西帕希等人(2010年)对3种血管紧张素II(AngII)受体亚型1型阻滞剂(ARB)用于心血管疾病的5项临床试验(n = 68,402)进行了荟萃分析。结果显示,接受ARB与背景治疗的队列中,新发肺癌诊断病例有所增加(0.9% vs. 非ARB对照中的0.7%;RR:1.25;CI:1.05 - 1.49;p = 0.01)。美国食品药品监督管理局(FDA)随后对31项ARB临床试验(n = 155,816)进行了更大规模的荟萃分析,结果未发现任何特定部位癌症(肺癌、乳腺癌、前列腺癌)、实体/皮肤癌或癌症死亡增加的证据(FDA安全通讯,2011年6月3日)。FDA接着重新审视了9种ARB的19项啮齿动物致癌性试验,从1994年的氯沙坦试验开始,以寻找该类药物中与剂量相关的肺肿瘤发生证据。试验按照FDA执行致癌性评估委员会(eCAC)批准的方案和剂量,在5种大鼠品系以及5种野生型和转基因小鼠品系中进行。试验周期除了在转基因Tg rasH2小鼠中对阿齐沙坦和奥美沙坦进行的26周试验,以及在p53(+/-)转基因小鼠中对奥美沙坦进行的试验外,均为终生试验。这些剂量所产生的暴露量接近患者的暴露量,在大多数情况下比患者的暴露量高20 - 300倍。
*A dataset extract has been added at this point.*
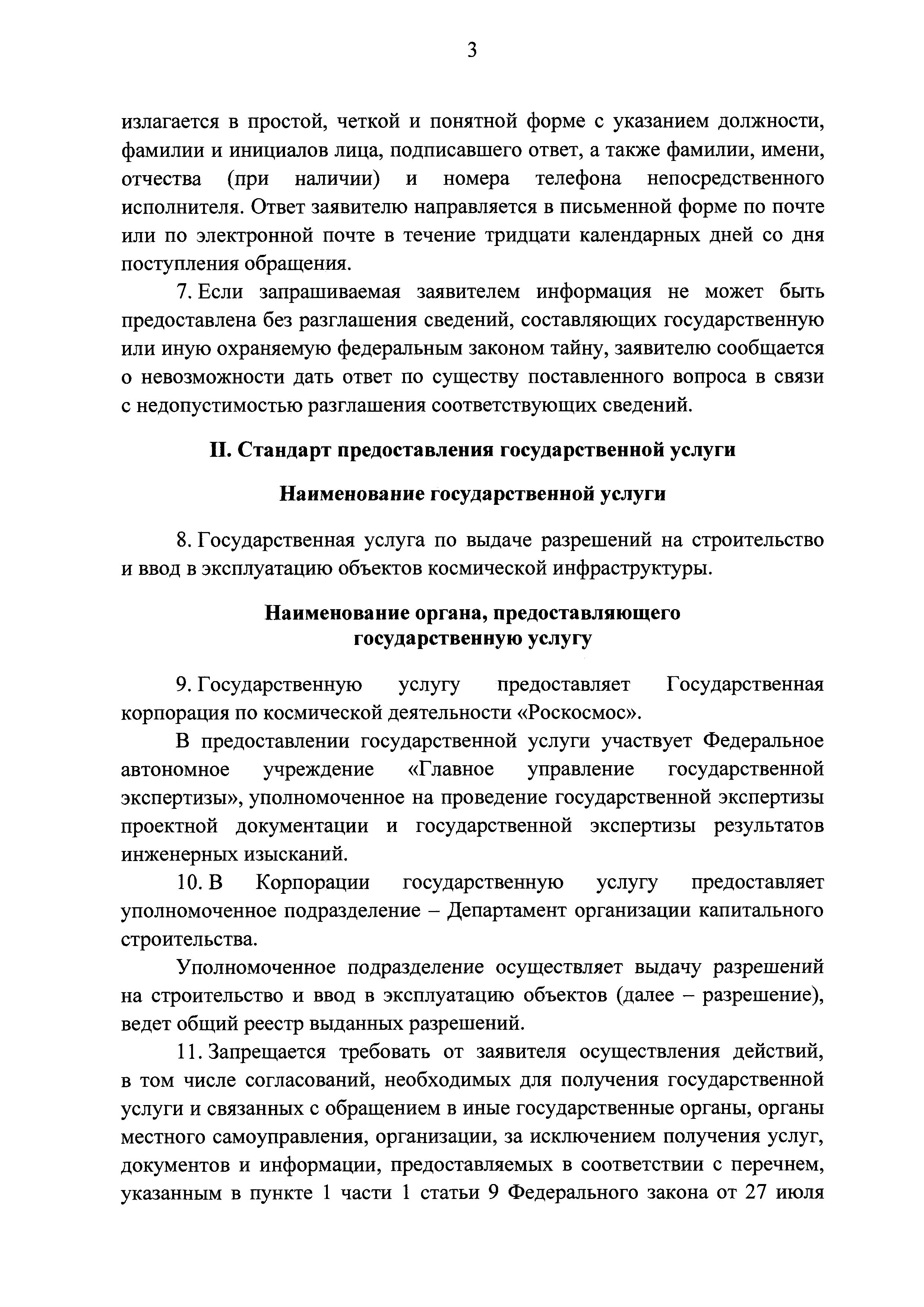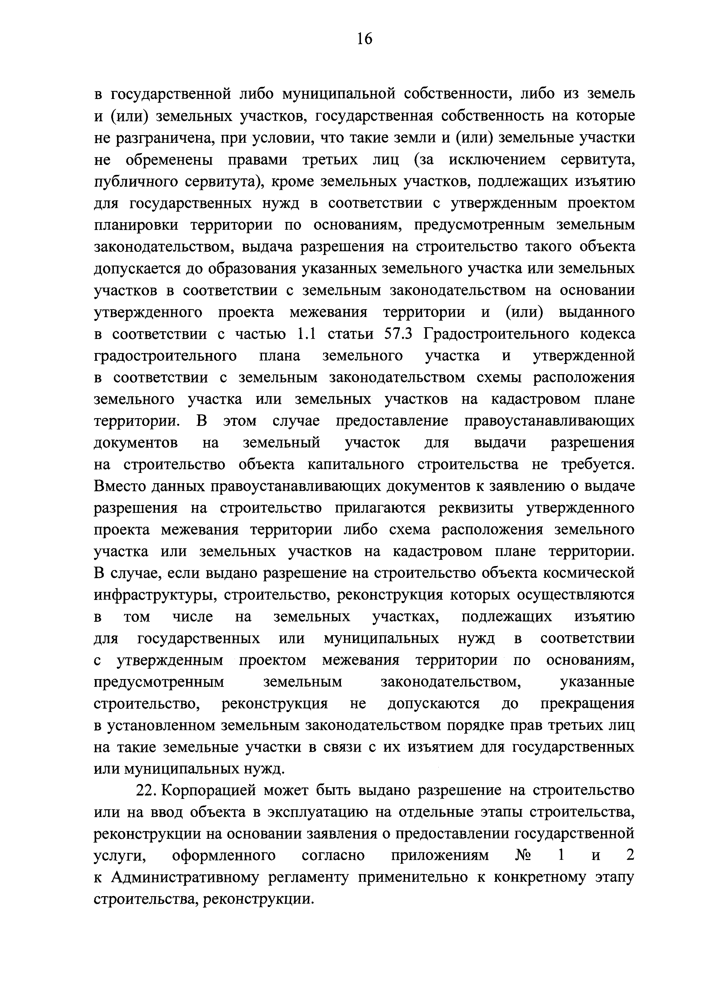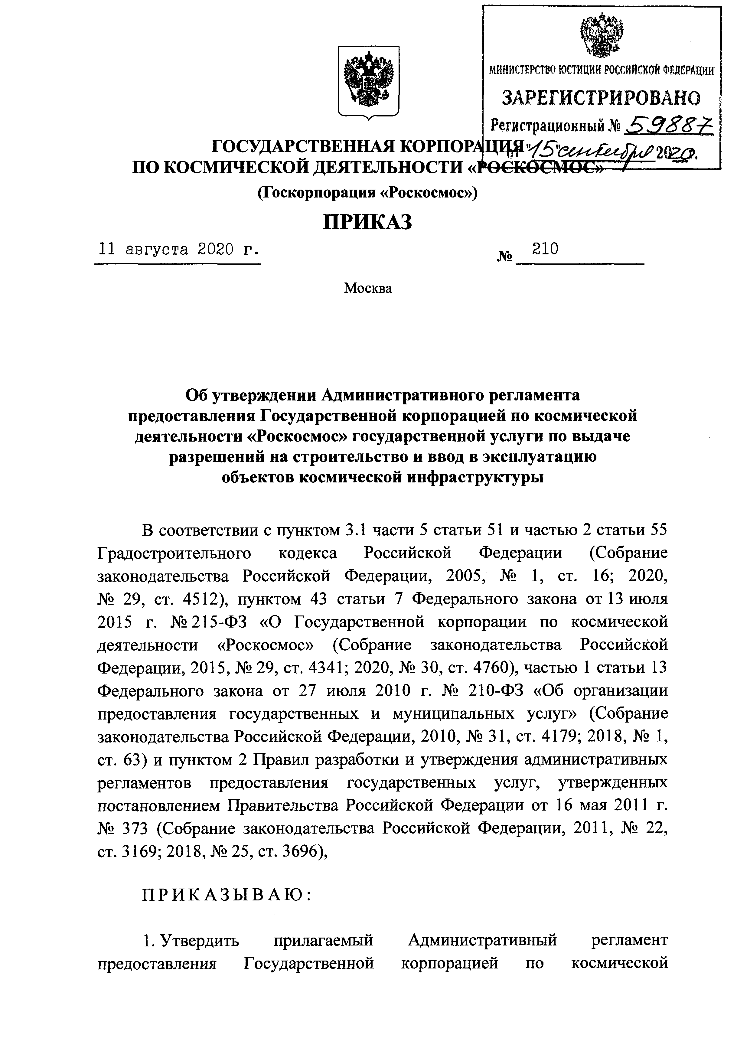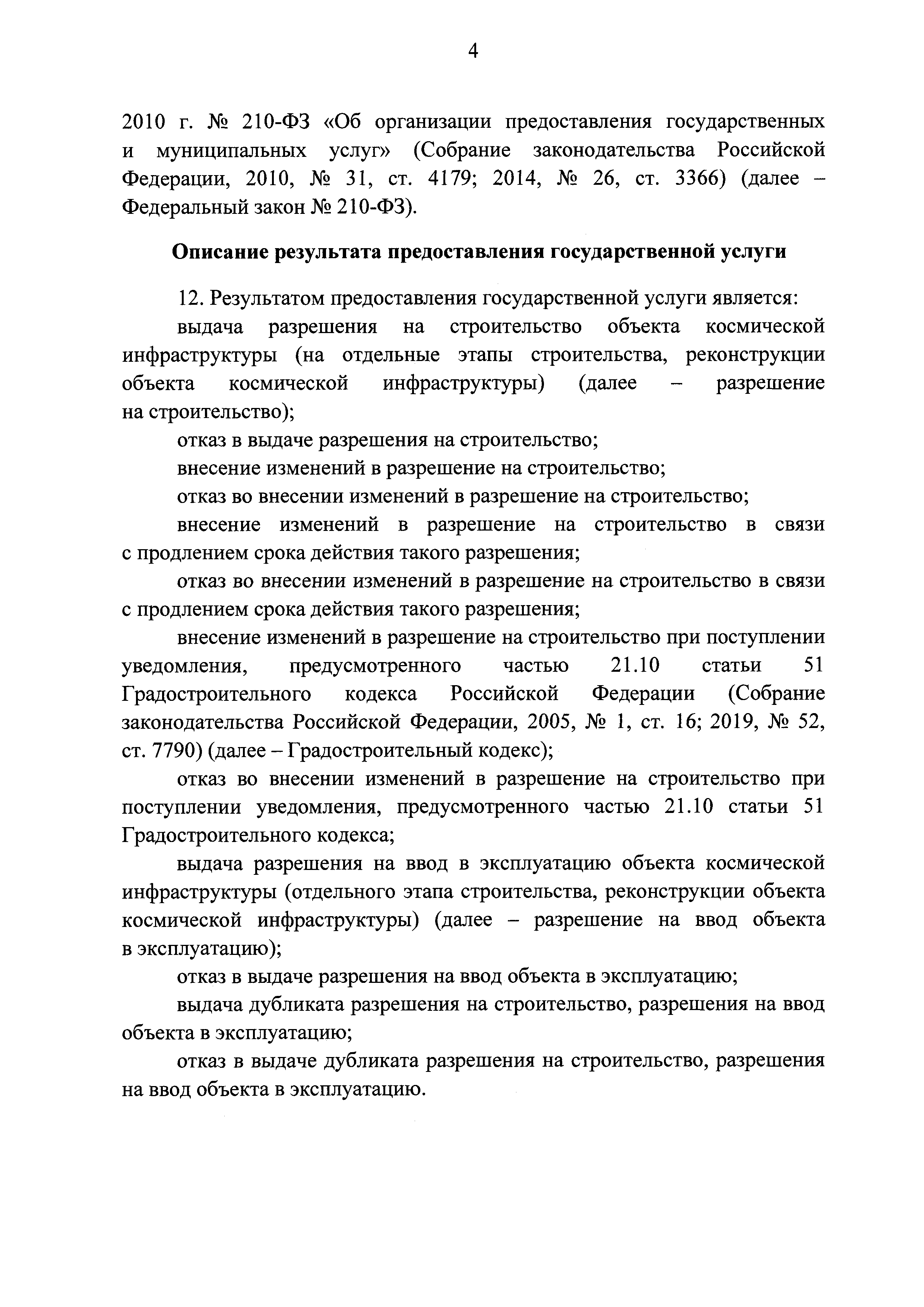 | | Заменяет собой: | | | Нормативные ссылки: |   Кодекс «Градостроительный кодекс Российской Федерации»  «Положение об организации и проведении государственной экспертизы проектной документации и результатов инженерных изысканий»  Федеральный закон 225-ФЗ «Об обязательном страховании гражданской ответственности владельца опасного объекта за причинение вреда в результате аварии на опасном объекте»  Федеральный закон 73-ФЗ «Об объектах культурного наследия (памятниках истории и культуры) народов Российской Федерации»  Федеральный закон 63-ФЗ «Об электронной подписи» Постановление 373 «О разработке и утверждении административных регламентов осуществления государственного контроля (надзора) и административных регламентов предоставления государственных услуг»  Федеральный закон 210-ФЗ «Об организации предоставления государственных и муниципальных услуг»  Федеральный закон 215-ФЗ «О Государственной корпорации по космической деятельности "Роскосмос"»  Федеральный закон 218-ФЗ «О государственной регистрации недвижимости» Постановление 352 «Об утверждении перечня услуг, которые являются необходимыми и обязательными для предоставления федеральными органами исполнительной власти, Государственной корпорацией по атомной энергии "Росатом" государственных услуг и предоставляются организациями, участвующими в предоставлении государственных услуг, и определении размера платы за их оказание» «Правила подачи и рассмотрения жалоб на решения и действия (бездействие) федеральных органов исполнительной власти и их должностных лиц, федеральных государственных служащих, должностных лиц государственных внебюджетных фондов Российской Федерации, государственных корпораций, наделенных в соответствии с федеральными законами полномочиями по предоставлению государственных услуг в установленной сфере деятельности, и их должностных лиц, организаций, предусмотренных частью 1.1 статьи 16 Федерального закона "Об организации предоставления государственных и муниципальных услуг", и их работников, а также многофункциональных центров предоставления государственных и муниципальных услуг и их работников»  «Правила направления документов в уполномоченные на выдачу разрешений на строительство и (или) разрешений на ввод объекта в эксплуатацию федеральные органы исполнительной власти, органы исполнительной власти субъектов Российской Федерации, органы местного самоуправления, Государственную корпорацию по атомной энергии "Росатом", Государственную корпорацию по космической деятельности "Роскосмос" в электронной форме» «Правила определения видов электронной подписи, использование которых допускается при обращении за получением государственных и муниципальных услуг» «Административный регламент предоставления Государственной корпорацией по космической деятельности "Роскосмос" государственной услуги по выдаче разрешений на строительство и ввод в эксплуатацию объектов космической инфраструктуры, находящихся в ведении Государственной корпорации по космической деятельности "Роскосмос" и ее организаций»

根据品系不同,高达35%的未治疗小鼠会自发产生肺肿瘤。对安慰剂校正后的小鼠肺肿瘤发生率进行跨品系、性别以及ARB与人类暴露倍数的回归分析显示,没有肺肿瘤形成过多的情况。R² < 0.001表明,与对照组相比,肿瘤数量更多的治疗组队列数量与肿瘤数量更少的治疗组队列数量几乎相同。无论品系如何,在终生试验中,对照大鼠和用药大鼠基本上都没有肺肿瘤。因此,在小鼠中既没有促进背景性肺肿瘤的发生,在大鼠中也没有引发新的肺肿瘤。鉴于在该模型中历史上26周试验中最常见的自发肿瘤是肺腺瘤和癌,小鼠Tg rasH2品系中的阴性肺结果也值得注意。总体来看,这19项大多为终生试验的癌症试验的阴性结果,补充了ARB较短临床试验的荟萃分析结果,无论采用何种统计方法(随机效应或固定效应)、对照臂(有无ACE抑制剂)和主要共同因素(吸烟或癌症病史),这些试验结果都是良性的。